Benjamin: Yeah, and unfortunately they say one thing and do another. I mean you have constantly people saying, including General Petraeus, that there is no military solution, that so much of the problem in places like Afghanistan are economic problems. And we’ve contributed to those economic problems by increasing the violence and the destruction. And yet over 90% of the money that we spend there goes to the military.

Horton: And see, I guess this is why… I don’t really want to fight with you. It seems like you and I must already agree so much that it’s just got to be a communication breakdown here somewhere or something. I mean I’m not phrasing it right. Well, okay: Remember a few weeks ago when some locals stole a German fuel truck and the Germans called in an airstrike and the Americans blew up the fuel truck all over a bunch of civilians. A hundred or so who were lined up to get some fuel and burned them to death.

Benjamin: Mm-hmm.

Horton: I wonder how many more of those before you say, "You know what?
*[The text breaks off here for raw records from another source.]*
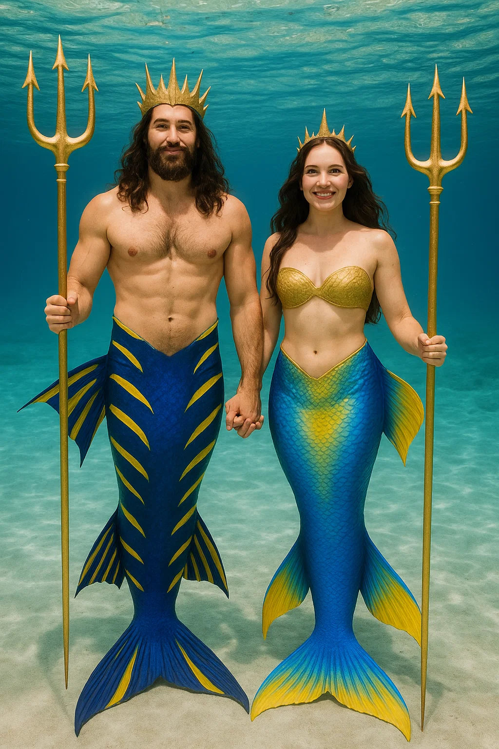 the King and Queen couple of Aquanara / the 35-year-old merman and mermaid couple.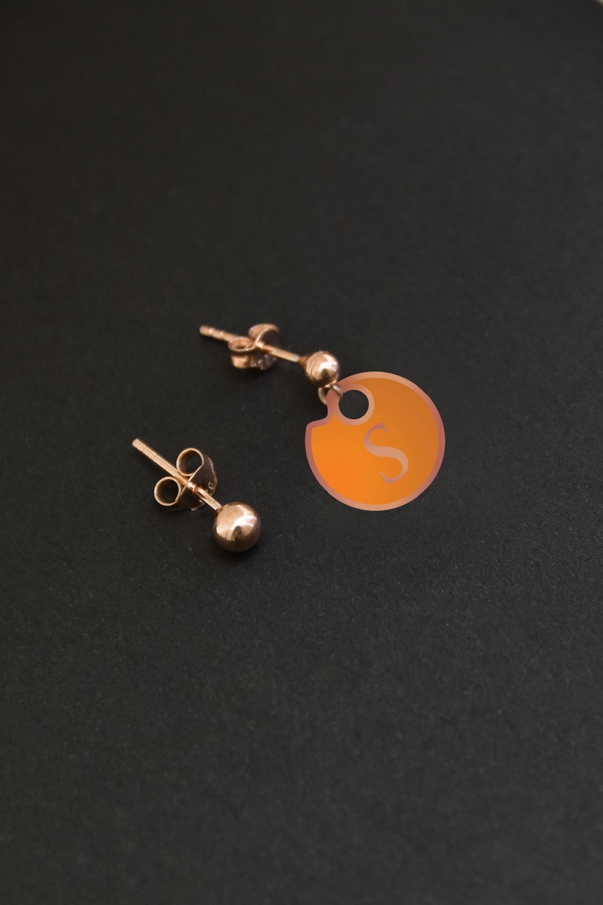 925 Ayar Gümüş Rose Kaplama Turuncu Mine S Harf Çivili Küpe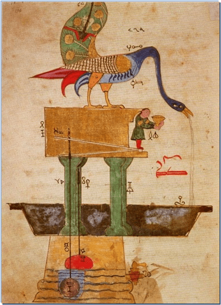 13. yüzyıl Bilim İnsanı İsmail el-Cezeri birkaç otomatik cihaz yapmıştır. Hidroenerji ile tahrik edilen otomatik hareketli tavus kuşu inşa etmiştir.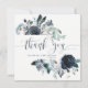 This trendy and elegant wedding thank you card features boho navy blue watercolor peony flowers with lush leaves, berries, and feathers. The front of the invitation says "thank you" in stylish modern typography along with your names and wedding date; your personal wedding photo is on the back surrounded by a floral frame.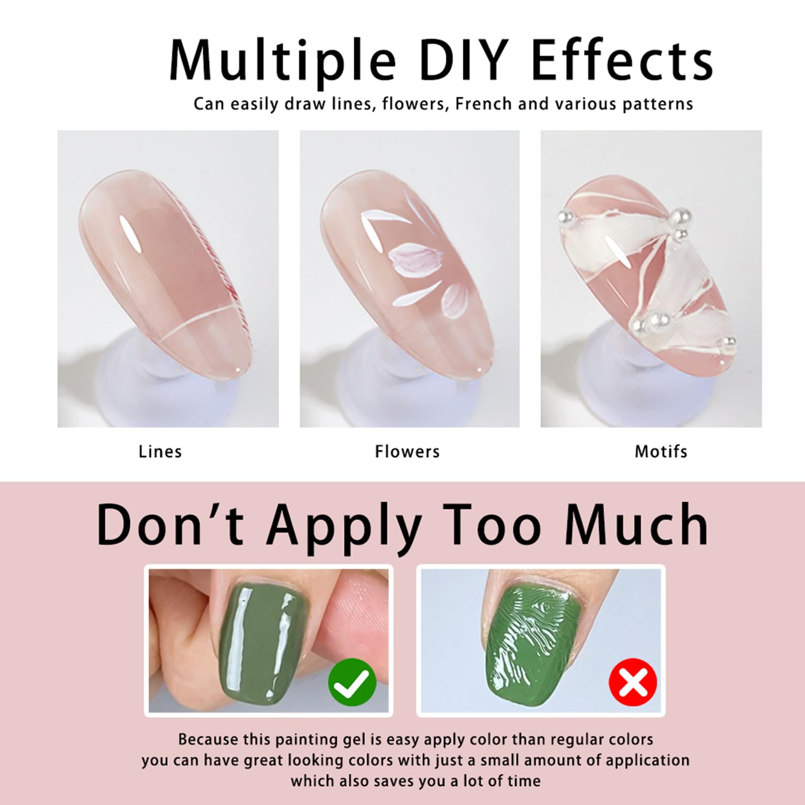 - Versatile Use: This Painting gel for nail art is a popular color all year round! Gel nail paint symbolizes confidence and elegance in any season or occasion! French tip nail polish perfect for professionals and DIY nail art enthusiasts. Liner gel polish suitable for everyday, parties, salons and festivals such as Christmas

The U.S. government must get out of Afghanistan yesterday, that’s it. And whatever happens after this, at least it won’t be our government burning little kids to death."

Benjamin: Well I certainly say that the U.S. should stop the airstrikes and I think that the U.S. should be doing the opposite than what McChrystal says. He wants them to be out in the communities and the people that we talked to said that they aren’t able to protect Afghans, that they should be in their bases while this exit strategy and peace process is worked out. I think the only difference in what you’re saying and what I’m saying is that I did feel a palpable fear among many of the women that they don’t want the Taliban to take over again.

Horton: Yeah. Well, and see here’s the thing too though: The Taliban at this point, what does that even mean? You know what I mean? It was a very small number of people. A lot of them were killed years and years ago. It basically seems to be the NATO, U.S. government, U.S. media euphemism for anybody in Afghanistan who resists our occupation.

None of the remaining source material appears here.